Ecosyste.ms: Awesome

An open API service indexing awesome lists of open source software.

Awesome Lists | Featured Topics | Projects

https://github.com/foonathan/string_id

A small C++ library to handle hashed strings serving as identifiers.
https://github.com/foonathan/string_id

Last synced: 2 months ago
JSON representation

A small C++ library to handle hashed strings serving as identifiers.

Awesome Lists containing this project

README

        

string id
=========

![Project Status](https://img.shields.io/endpoint?url=https%3A%2F%2Fwww.jonathanmueller.dev%2Fproject%2Fstring_id%2Findex.json)

Motivation
----------
It is often useful for logging purposes in real-time applications like games to give each entity a name.
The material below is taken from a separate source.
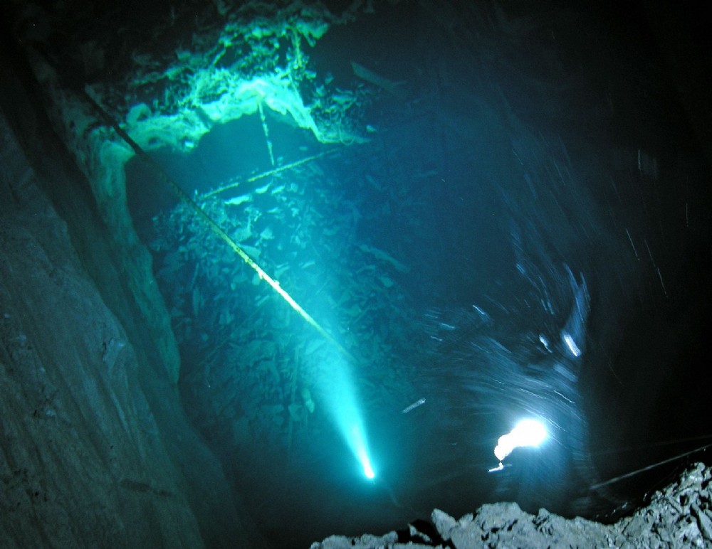 Toadstone's camera gear lights up the flooded chamber. Some metalwork is visible in the gloom.

This makes tracking down errors easier because finding entities via unique names is easier than looking at unique numbers or other forms of identifiers. But strings are huge and copying and comparing them is slow, so they often can't be used in performance critical code.
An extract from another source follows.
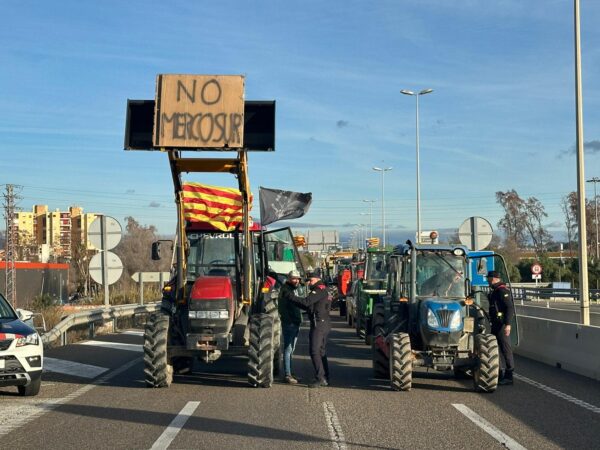 Una seixantena de vehicles entre tractors i cotxes convocats per Revolta Pagesa talla aquest dijous l’accés al Port de Tarragona de l’A-27. En una mobilització que es replica en diferents punts del país i d’Europa, els pagesos reclamen que la UE no signi l’acord comercial amb Mercosur, ja que consideren que els perjudica a nivell econòmic.
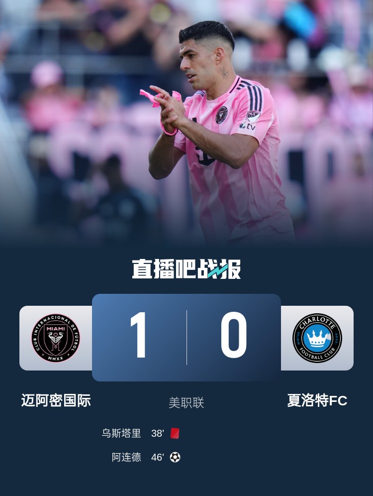 美職聯(lián)本輪邁阿密國際1-0擊敗夏洛特FC,梅西替補(bǔ)未出場(chǎng),阿連德破門,蘇亞雷斯助攻。

One solution are hashed strings which are only integers and thus small, fast to copy and compare. But hashes don't allow retrieving the original string value which is exactly what is needed for logging and debugging purposes! In addition, there is a chance of collisions, so equal hash code doesn't necessarily mean equal strings. This chance is small, but a source for hard to find bugs.

Another solution is string interning. String interning uses a global look-up table where each string is stored only once and is referenced via an index or something similar. Copying and comparing is fast, too, but they are still not perfect: You can only access them at runtime. Getting the value at compile-time e.g. for a switch is not possible.

So on the one hand we want fast and lightweight identifiers but on the other hand also methods to get the name back.

string_id
---------
This open source library provides a mix between the two solutions in the form of the class *string_id*. Each object stores a hashed string value and a pointer to the database in which the original string value is stored. This allows retrieving the string value when needed while also getting the performance benefits from hashed strings. In addition, the database can detect collisions which can be handled via a custom collision handler. There is a user-defined literal to create a compile-time hashed string value to use it as a constant expression.

The database can be any user-defined type derived from a certain interface class. There are several pre-defined databases. This includes a dummy database that does not store anything, a adapter for other databases to make them threadsafe and a highly optimized database for efficient storing and retrieving of strings. A typedef *default_database* is one of those databases and can be set via the following CMake options:

* *FOONATHAN_STRING_ID_DATABASE* - if *OFF*, the database is disabled completely, e.g. the dummy database is used. This does not allow retrieving strings or collision checking but does not need that much memory. It is *ON* by default.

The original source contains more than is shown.